The cinema screen as just another platform

Cinema has faced competition from another platform before with the advent of television. But now film has to contend with television, tablets, phones and pervasive social media platforms.

The director Christopher Nolan has commented on cinema’s need to innovate and come up with bigger, better and more visually appealing ways of sharing film. “The audience experience is distinct from home entertainment, but not so much that people seek it out for its own sake,” he said.

“The experience must distinguish itself in other ways. And it will…These developments will require innovation, experimentation and expense, not cost-cutting exercises disguised as digital ‘upgrades’ or gimmickry aimed at justifying variable ticket pricing.”

Perhaps in the future this could lead to theatres moving away from projecting a sequence of two-dimensional images in a darkened room and evolve into large-scale public attractions. For instance, we’ve already seen cinema move outside, with open-air cinema. Imagine where it could go in the future.


VR: entering the Matrix

We are just beginning to realise virtual reality’s capability, but the technology could be used to move audiences from witnessing events unfold to a world where they actually participate in them.

Just as theatres will have to innovate to maintain interest so will filmmakers, if they want to capitalise on the opportunity VR presents for immersive filmmaking.

At this point in VR’s development an off-the-shelf VR camera of true cinema quality doesn’t exist and the editing systems for VR are rudimentary. Most people working in VR are creating their own solutions. This leaves a massive opportunity for directors and filmmakers who excel when coming up with creative answers to technological problems.

So at this point in time, VR cinema needs its George Lucas or James Cameron: someone who can come along and redefine the technology.

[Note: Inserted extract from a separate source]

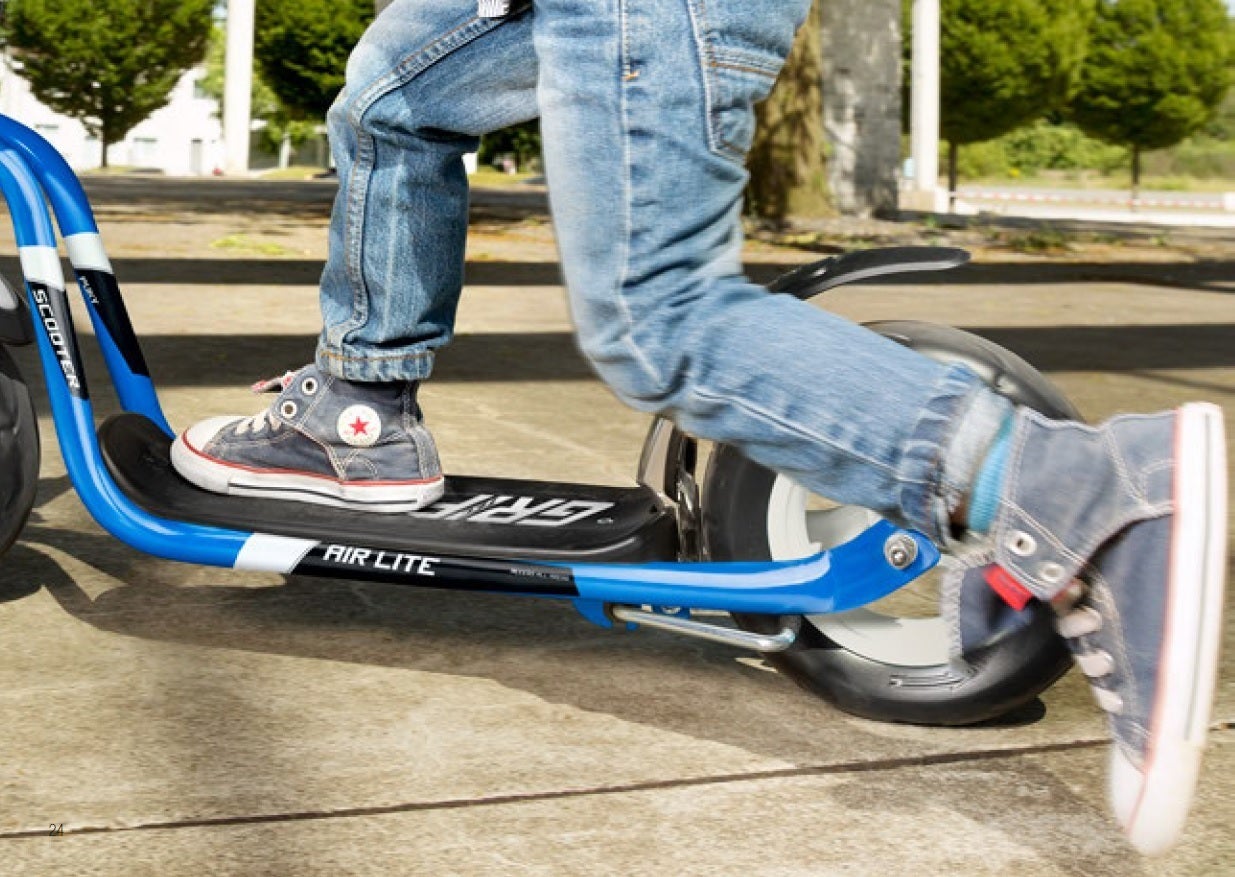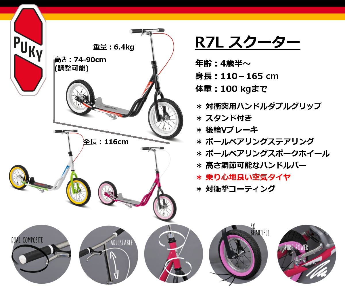 R7Lスクーターは4歳半の子供から使える大きめのスクーターです。対象の身長は110-165cm、体重は100kgまでと大人でも使用出来るサイズになります。12.5インチのエアータイヤとスポークホイールで乗り心地良く、後輪のVブレーキでスムースに速度を落とせます。子供用ながら大人用のスクーターとしての機能を備えており、ブレーキ操作・バランスの維持などを通してスクーターの乗りこなし方を学ぶ事が出来ます。グリップは二重構造となっており、転倒した時の衝撃を和らげます。ハンドルの高さ調節可能、スタンド付きです。

Image courtesy of Nan Palmero

Image courtesy of Nan Palmero

Drone cinematography

VR isn’t the only technology in development that could aid the film industry. Drones could eventually be a cheap and simple way of capturing aerial and crane shots, and in some cases are already being used.

Remember the aerial shot of Julie Andrews that opens The Sound of Music? That could be filmed with relative ease by using a drone. Hollywood studios are aware of the possibilities for drone technology, where previously tough and expensive shots are getting easier to produce.

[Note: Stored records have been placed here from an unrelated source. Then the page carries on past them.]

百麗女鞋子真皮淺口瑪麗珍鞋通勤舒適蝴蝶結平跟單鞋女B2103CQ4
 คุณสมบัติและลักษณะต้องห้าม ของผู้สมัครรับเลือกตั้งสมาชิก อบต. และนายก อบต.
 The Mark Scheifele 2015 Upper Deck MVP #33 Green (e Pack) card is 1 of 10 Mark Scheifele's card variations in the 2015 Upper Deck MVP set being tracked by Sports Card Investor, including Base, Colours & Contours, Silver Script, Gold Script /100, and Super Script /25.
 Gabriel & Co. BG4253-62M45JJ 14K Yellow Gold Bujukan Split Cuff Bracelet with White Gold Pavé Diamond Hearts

However, the technology isn’t just useful to makers of fiction. Documentary filmmakers can use drone technology to reach areas that human camera operators cannot go, which is what happened in the capturing of this aerial shot of a waterfall in Norway:

Cinema is a still a young art form, and we are only just beginning to understand how to control, manipulate and share visual and aural perceptions. But by utilising new technology, cinema will find new ways of stimulating the senses.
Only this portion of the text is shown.